Exercise goal >>
Please return, exactly and only, the lines beginning at the top of the entries below and ending with the line containing "5 ວັນ ທີ່ໂຮງຮຽນດັ່ງກ່າວ"; keep out the pictures.

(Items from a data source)
########################################

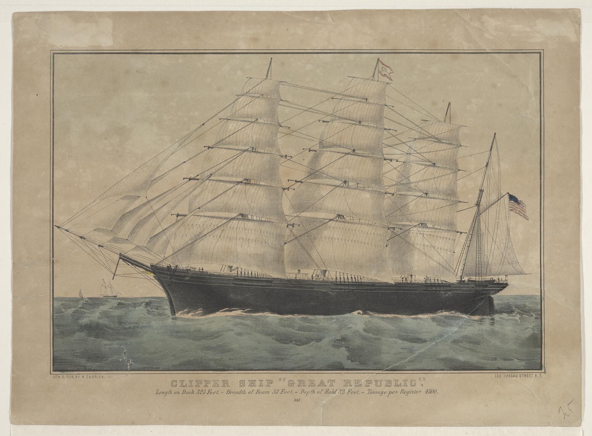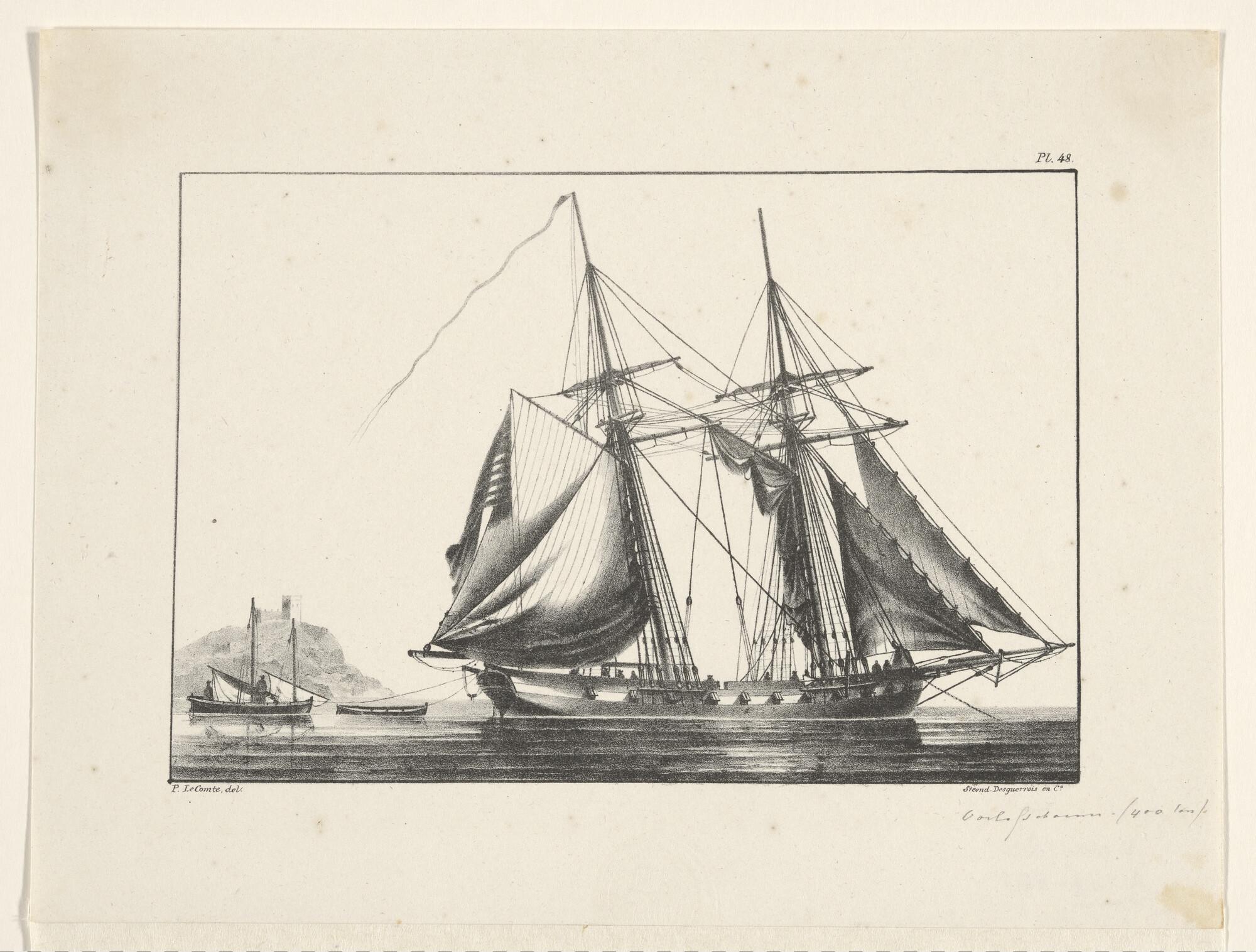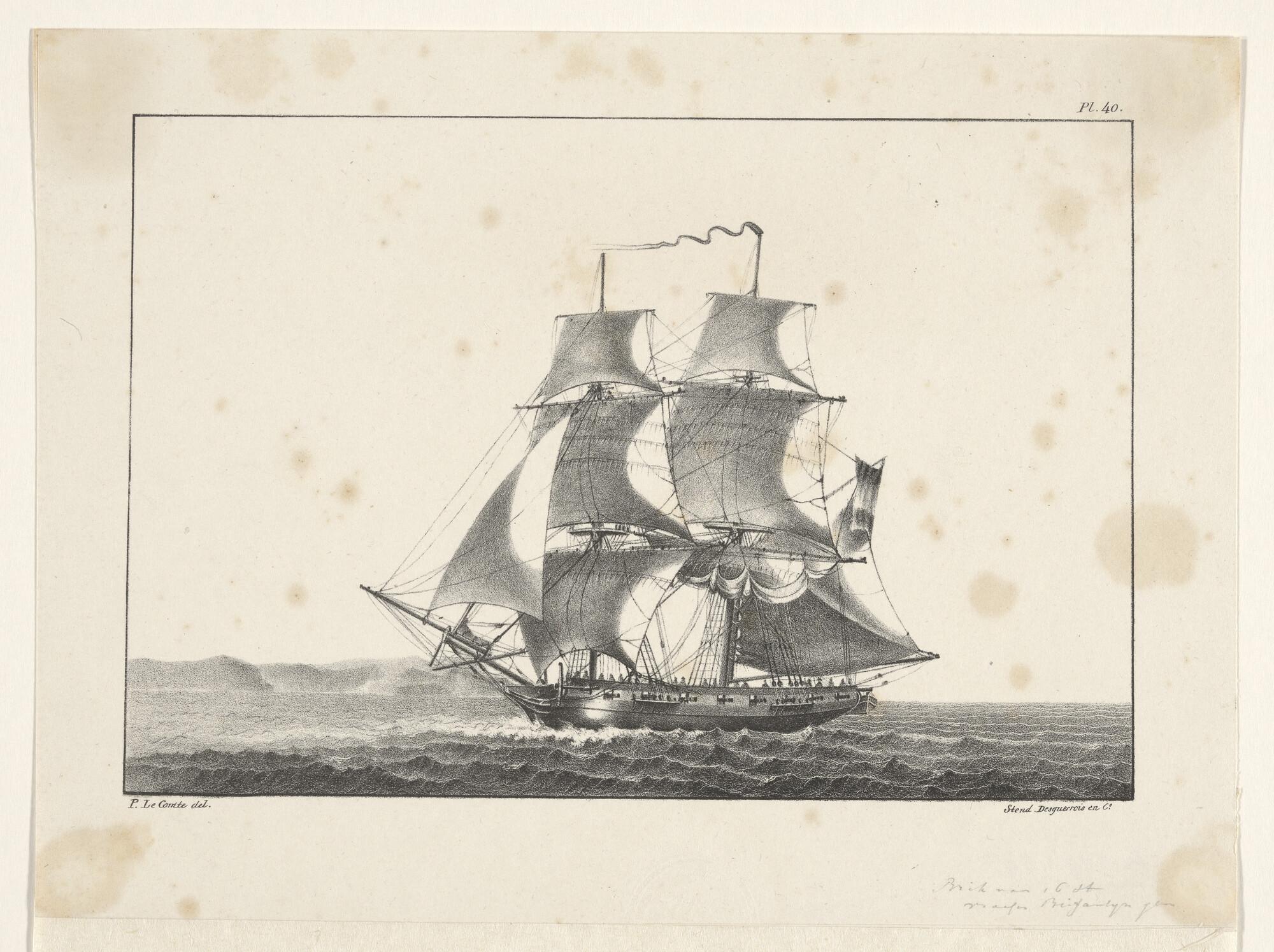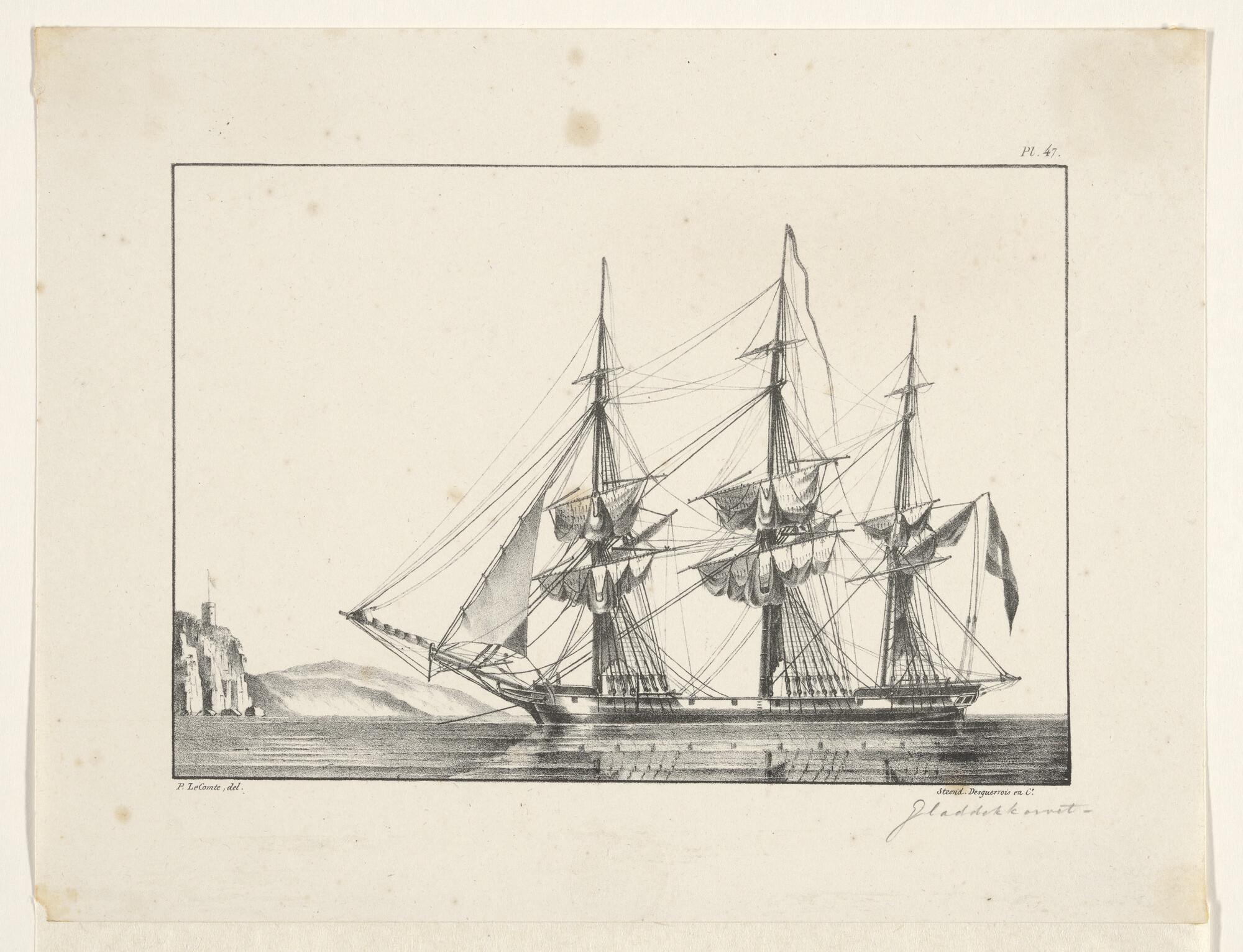 Prent van een fregatschip, voor anker liggende geeft...
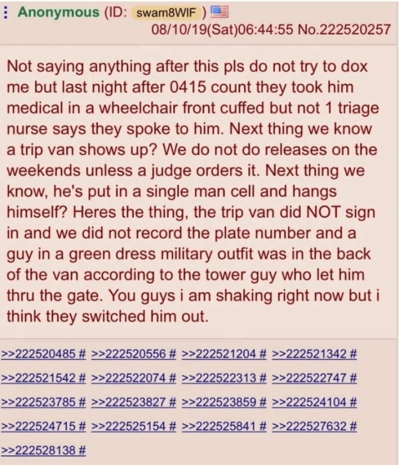 L'hypothèse qu'Epstein soit encore en vie n'est pas à exclure. Un employé de la prison, Roberto Grijalva, a en effet déclaré que, dans la nuit du "décès" d'Epstein, celui-ci aurait été emmené en fauteuil roulant et chargé dans une camionnette. C'est du moins ce qu'a rapporté Jimmy Dore dans son émission .
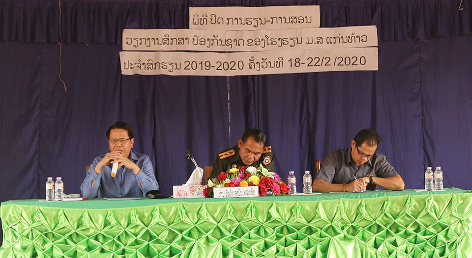 ພິທີສະຫຼຸບການຮຽນ-ການສອນວິຊາສຶກສາປ້ອງກັນຊາດປະຈໍາສົກຮຽນ 2019-2020 ຂອງໂຮງຮຽນມັດທະຍົມສົມບູນ ແກ່ນທ້າວ ເມືອງແກ່ນທ້າວ ແຂວງໄຊຍະບູລີ ໄດ້ຈັດຂຶ້ນໃນວັນທີ 24 ກຸມພາ ຜ່ານມາພາຍຫຼັງທີ່ໄດ້ດໍາເນີນມາເປັນເວລາ 5 ວັນ ທີ່ໂຮງຮຽນດັ່ງກ່າວ
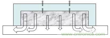 功率MOSFET內(nèi)部通常是由許多晶胞單元并聯(lián)而成,如圖2所示。通常假定芯片內(nèi)部處于理想的熱平衡狀態(tài),整個(gè)硅片的結(jié)溫完全一致。然而在實(shí)際條件下,硅片邊沿?zé)嶙璧停鐖D3所示;由于硅片焊接的不均勻,各局部區(qū)的熱阻也不一致;此外,各局部區(qū)的閾值電壓VTH也不完全相同,它們通過(guò)的漏極電流,也就是(VGS-VTH)和跨導(dǎo)乘積,也不完全相同。上述因素導(dǎo)致局部區(qū)溫度也不一樣。
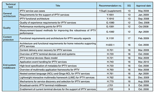 1. Outline of IPTV-GSI activitiesStandardization for IPTV is being conducted at ITU-T (International Telecommunication Union, Telecommunication Standardization Sector). ITU has Global Standards Initiatives (GSIs), which are groups intended to deliberate on discussions spanning multiple Study Groups (SGs). IPTV-GSI [1], which covers six SGs (9, 11, 12, 13, 16, and 17), was established in January 2008 to take over the work already done by FG IPTV (Focus Group on IPTV) [2]. By October 2009, it had held eight meetings. On each occasion, 30–80 contributions were submitted and actively discussed among 60–70 participants. IPTV-GSI has completed 19 Recommendations (including Supplements) and discussed approximately 70 draft Recommendations. The completed Recommendations are shown in Table 1. The ones based on deliverables produced by FG IPTV were close to completion as of December 2009.

########################################

Written solution >>
 Prent van een fregatschip, voor anker liggende geeft...
 L'hypothèse qu'Epstein soit encore en vie n'est pas à exclure. Un employé de la prison, Roberto Grijalva, a en effet déclaré que, dans la nuit du "décès" d'Epstein, celui-ci aurait été emmené en fauteuil roulant et chargé dans une camionnette. C'est du moins ce qu'a rapporté Jimmy Dore dans son émission .
 ພິທີສະຫຼຸບການຮຽນ-ການສອນວິຊາສຶກສາປ້ອງກັນຊາດປະຈໍາສົກຮຽນ 2019-2020 ຂອງໂຮງຮຽນມັດທະຍົມສົມບູນ ແກ່ນທ້າວ ເມືອງແກ່ນທ້າວ ແຂວງໄຊຍະບູລີ ໄດ້ຈັດຂຶ້ນໃນວັນທີ 24 ກຸມພາ ຜ່ານມາພາຍຫຼັງທີ່ໄດ້ດໍາເນີນມາເປັນເວລາ 5 ວັນ ທີ່ໂຮງຮຽນດັ່ງກ່າວ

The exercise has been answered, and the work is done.